Puis, la nuit bien avancée, nous allâmes à l’extérieur de la ville. Nous arrivâmes devant la grille d’un beau domaine. Une villa, entourée d’un beau jardin, je dressait devant nous. Ed montait la garde devant l’entrée principale, deux autres de ses sous-fifres firent le tour de la villa dans le même but. Le dernier me fit la courte échelle me permettant ainsi de pénétrer dans la propriété. Une fois ma besogne fini on devrait l'aider à grimper sur le muret afin de m’aider à sortir.

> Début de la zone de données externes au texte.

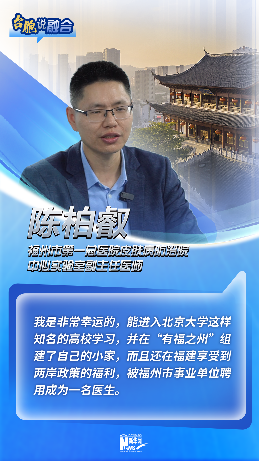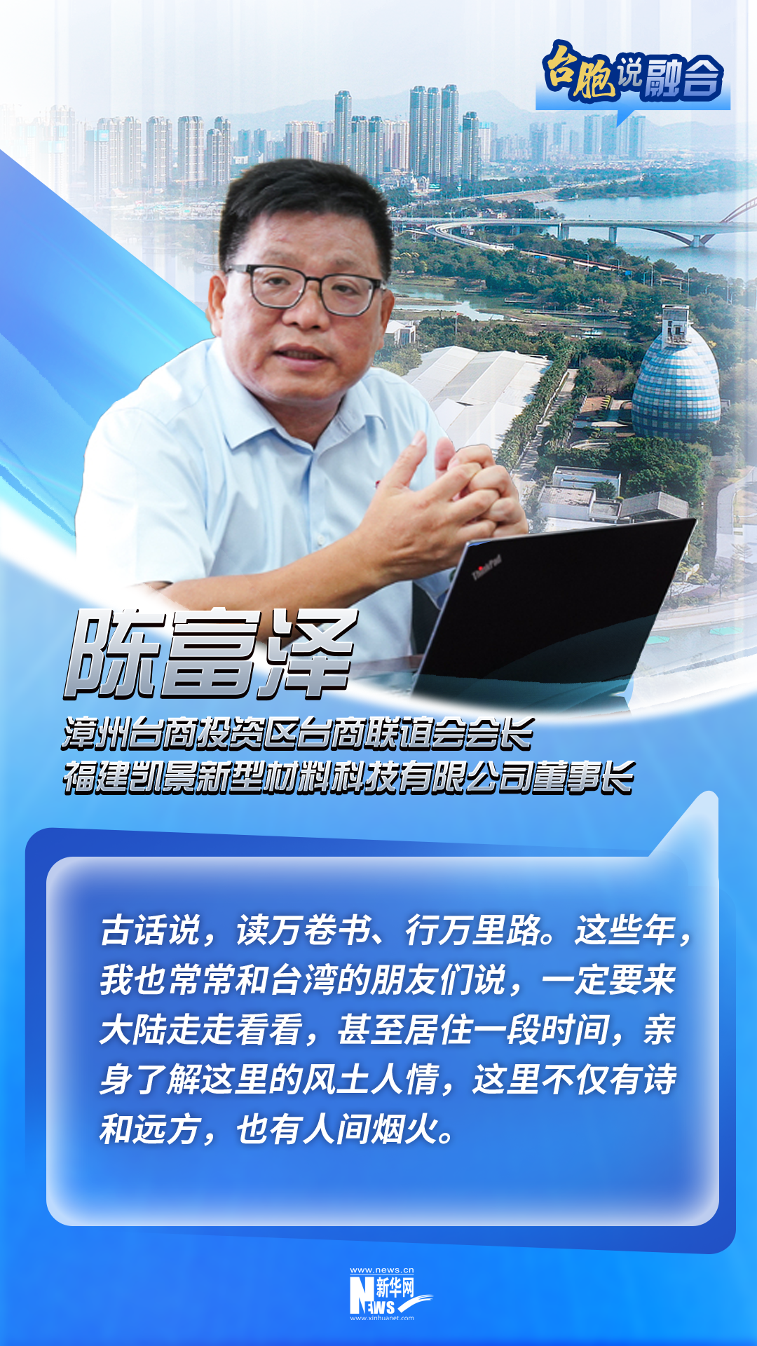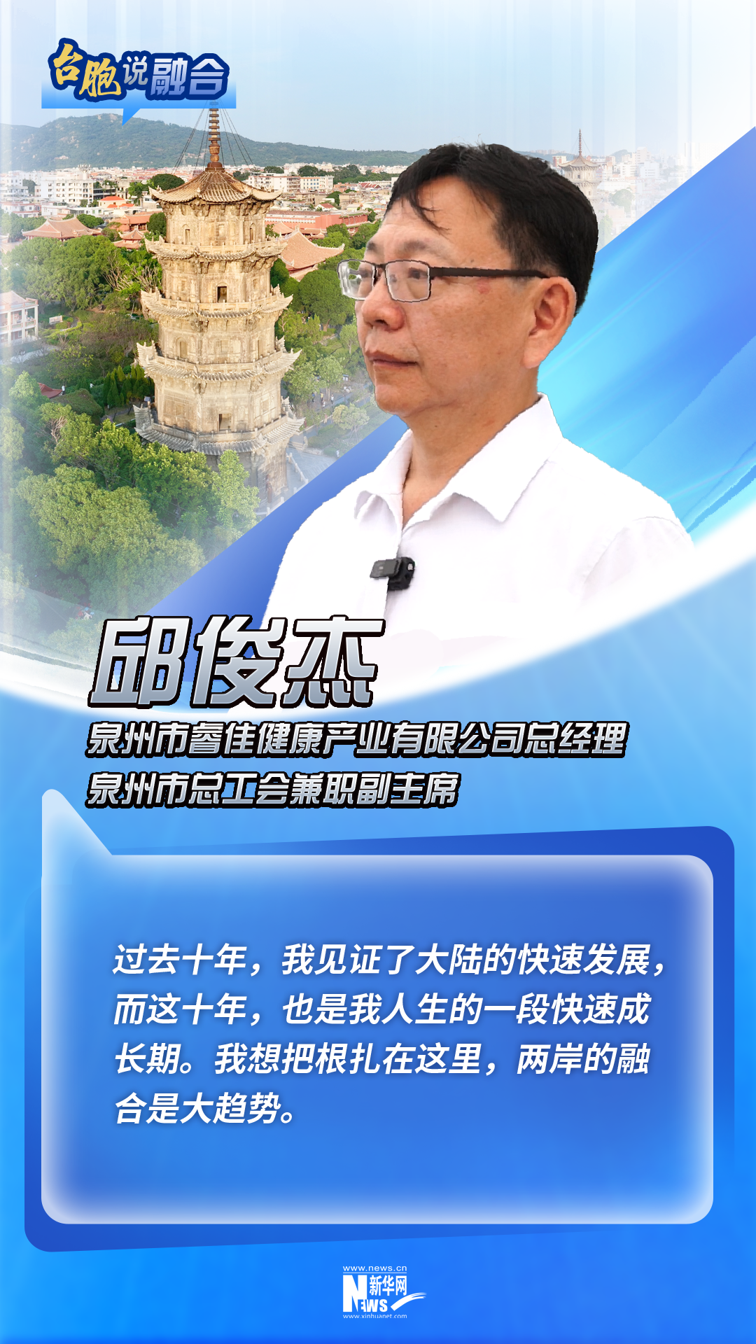 在福建这片探索两岸融合发展新路的热土上,台胞的两岸融合故事正生动上演。这其中,有刚刚开始创业的青年,也有早年跟随父亲来大陆投资办厂的“创1.5代”;有帮助台胞在大陆发展的台商,也有助力两岸青年走亲走近的棒球教练;有在福建公立医院工作的医生,也有溯源中华民族文化根脉的学者……让我们通过他们的讲述,感受两岸融合的方方面面。

J'atterris sans bruit sur la pelouse, un pied de biche à la main, et couru jusqu'à l'arrière de la bâtisse. Il faisait frais, je sentais le vent s'engouffrer dans mes vêtements alors que je courais. La peur qui le nouait le ventre fit place à une excitation intense, la fièvre née du risque s’emparait de moi. J’aperçu enfin le joyau dans son écrin de toile, une Ford T recouverte d’une bâche. J’enlevais le tissu, et à l’aide du pied de biche, brisais les essieux, puis, je défonçais les portières, arrachant une plaque de tôle j’accedais au moteur. La rage de la destruction me poussait à tout briser. Enfonçant le pied entre deux tuyaux, je les tordis. J'étais hargneux, j’en voulais à Edward, j’en voulais à ses complices, j’en voulais à Huey Long, j’en voulais au propriétaire de l’auto, j’en voulais à mon frère Samuel, à Suzanne, à mes parents. J’haissais le monde entier, je me défoulais sur le monde entier.